I did a quick conductivity test on one of your springs long ago, injecting a high current over it with my precision power supply and measuring the voltage drop over its opposite ends as best as I could; I also tested one of the springs coming in one of the Convoy SST40 drivers, and couldn't find a significant difference. It was a quick test, and can't say if I did it with a gen2 or gen3 spring.
Your efforts are welcome in any case. Concerning the idea behind copper clad steel, or what I have in my mind, is some ≈70% O:) IACS, copper clad piano wire :-D spring with a decent plating. And of course, springs made with thick and short in lenght wire, for maximum conductivity.
I did that the other day and I got ~9mΩ for both small and large springs, Intl-outdoor about 4mΩ but they are significantly shorter, which makes sense because their lights don’t accommodate for protected cells, they also put a thin brass button under the spring to prevent the cell from crushing the components on the spring side of the driver.
@thefreeman, that sounds about right taking into account contact resistance.
I’m still not going to go with gold plating as I got a new quote, and the prices are still as expensive as ever, and I don’t want to increase the prices yet again unless I can massively increase the current performance of my springs.

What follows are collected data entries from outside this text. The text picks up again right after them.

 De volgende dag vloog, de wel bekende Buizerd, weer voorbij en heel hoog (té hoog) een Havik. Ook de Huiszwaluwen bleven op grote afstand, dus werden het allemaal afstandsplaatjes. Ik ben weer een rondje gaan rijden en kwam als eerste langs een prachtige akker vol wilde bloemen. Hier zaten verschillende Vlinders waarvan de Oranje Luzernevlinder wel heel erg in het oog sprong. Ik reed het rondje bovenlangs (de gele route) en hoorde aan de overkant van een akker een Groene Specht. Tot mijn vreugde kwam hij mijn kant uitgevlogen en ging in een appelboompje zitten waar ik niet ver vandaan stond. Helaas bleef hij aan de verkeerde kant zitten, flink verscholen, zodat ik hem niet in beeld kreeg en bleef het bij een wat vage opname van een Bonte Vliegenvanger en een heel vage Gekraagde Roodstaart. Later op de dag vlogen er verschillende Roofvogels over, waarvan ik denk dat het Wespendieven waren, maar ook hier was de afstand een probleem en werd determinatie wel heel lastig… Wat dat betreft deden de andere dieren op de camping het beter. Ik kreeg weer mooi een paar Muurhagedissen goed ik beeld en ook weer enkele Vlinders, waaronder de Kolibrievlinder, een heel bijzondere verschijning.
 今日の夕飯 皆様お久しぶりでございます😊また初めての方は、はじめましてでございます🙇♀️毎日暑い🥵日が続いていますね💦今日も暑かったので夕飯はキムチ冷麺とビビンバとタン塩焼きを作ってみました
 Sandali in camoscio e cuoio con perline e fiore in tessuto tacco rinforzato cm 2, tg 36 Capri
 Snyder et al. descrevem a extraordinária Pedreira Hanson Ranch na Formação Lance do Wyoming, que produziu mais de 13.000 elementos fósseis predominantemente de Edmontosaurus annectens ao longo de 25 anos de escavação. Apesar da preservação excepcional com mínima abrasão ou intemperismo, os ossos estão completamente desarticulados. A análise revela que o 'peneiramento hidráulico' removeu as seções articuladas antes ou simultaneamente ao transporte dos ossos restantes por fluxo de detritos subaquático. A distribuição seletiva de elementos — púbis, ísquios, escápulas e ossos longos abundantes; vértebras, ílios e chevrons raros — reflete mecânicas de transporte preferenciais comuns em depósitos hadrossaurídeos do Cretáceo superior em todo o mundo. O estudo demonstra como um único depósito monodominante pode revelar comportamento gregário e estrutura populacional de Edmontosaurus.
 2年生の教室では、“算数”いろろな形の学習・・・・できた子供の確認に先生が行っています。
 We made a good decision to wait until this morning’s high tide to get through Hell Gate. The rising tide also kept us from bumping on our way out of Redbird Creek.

My measurements don’t account for contact resistance, I used a four wires measurement with the voltage probes at the end of the first turn (bottom and top)
A 1cm piece of 22AWG is only ~0.5mΩ, significantly lower than the measurements of the springs I posted just above (though it’s uncompressed, if the spires touch it could be lower)
Spring bypass is in general terms always better. However, and despite the above figure from the freeman is accurate (“1cm piece of 22AWG is only ~0.5mΩ”, 544.381µΩ or 0.544381mΩ according to Electrodoc software), it must also be noted that a proper spring bypass needs to be coiled, or else its life could be rather short. If the bypass is not coiled, it will elbow at some point due to the spring compression, and after repeated spring compression and release it will sooner or later crack at the elbow joint. For this reason the lenght of a proper spring bypass must also take coiling into account. It is only slightly more lenght versus straight wire, 30 - 40% maybe. Cylindrical toothpics make good molds for coiling the wire, by the way.
Properly coiled spring bypasses can last for ages (the solder points are critical and must be done properly).
Silver or gold plated copper clad steel, please. O:)
And please, believe yourself attaining superb springs; with a really high IACS number and thick short prings, you can go much further than before.
“Thick and short” matters, as the lesser lenght in the spring wire means less voltage drop, while some extra thickness compensates for less spring coil turns while reducing voltage drop even more and increasing overall conductivity.